Because sensory signals often evolve rapidly, they could be instrumental in the emergence of reproductive isolation between species. However, pinpointing their specific contribution to isolating barriers, and the mechanisms underlying their divergence, remains challenging. Here, we demonstrate sexual isolation due to divergence in chemical signals between two populations of Drosophila americana (SC and NE) and one population of D. novamexicana, and dissect its underlying phenotypic and genetic mechanisms. Mating trials revealed strong sexual isolation between Drosophila novamexicana males and SC Drosophila americana females, as well as more moderate bi-directional isolation between D. americana populations. Mating behavior data indicate SC D. americana males have the highest courtship efficiency and, unlike males of the other populations, are accepted by females of all species.

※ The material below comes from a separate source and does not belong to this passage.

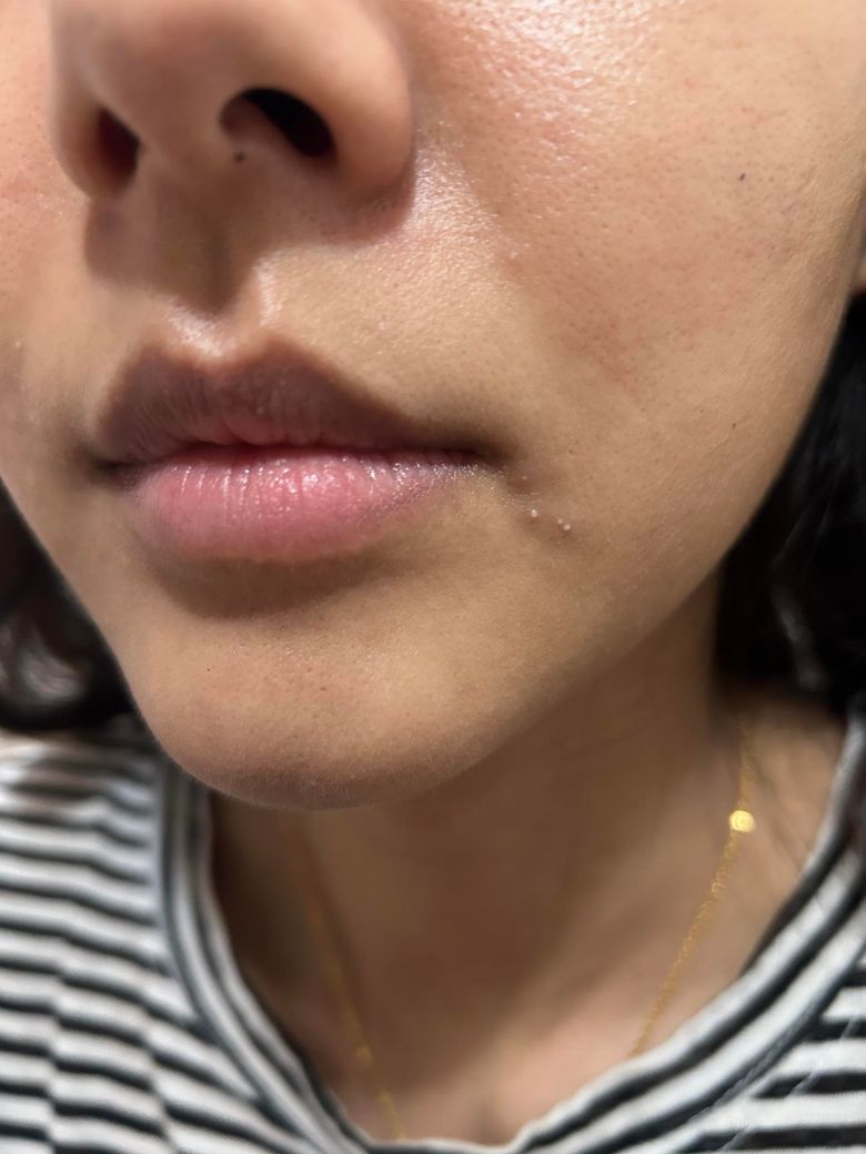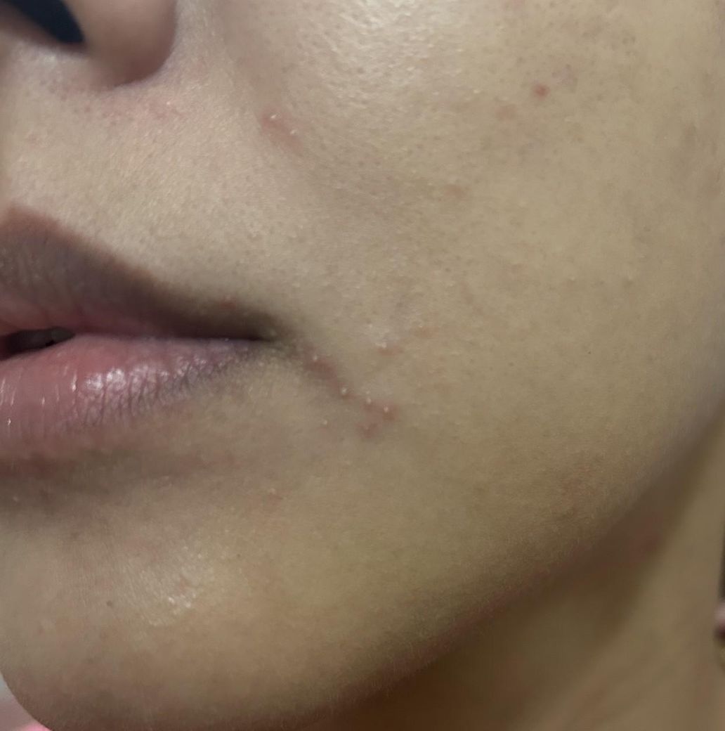 아무튼 사진상 입 주위에 작은 백색 구진들이 군집 형태로 나타나 있으며 염증은 크지 않은 양상입니다. 특히 미노사이클린과 독시사이클린 복용 시 동일 부위에 반복적으로 발생했다는 점에서 단순 여드름 악화보다는 약물 유발성 피부 반응 가능성이 더 높습니다. 이 계열 항생제는 모낭 내 균 환경을 변화시키거나 일부에서는 경미한 과민반응 형태로 이런 발진을 유발할 수 있습니다.

Quantification of cuticular hydrocarbon (CHC) profiles—chemosensory signals that are used for species recognition and mate finding in Drosophila—shows that the SC D. americana population differs from the other populations primarily on the basis of compound carbon chain-length. Moreover, manipulation of male CHC composition via heterospecific perfuming—specifically perfuming D. novamexicana males with SC D. americana males—abolishes their sexual isolation from these D. americana females. Of a set of candidates, a single gene—elongase CG17821—had patterns of gene expression consistent with a role in CHC differences between species. Sequence comparisons indicate D. novamexicana and our Nebraska (NE) D. americana population share a derived CG17821 truncation mutation that could also contribute to their shared “short” CHC phenotype. Together, these data suggest an evolutionary model for the origin and spread of this allele and its consequences for CHC divergence and sexual isolation in this group.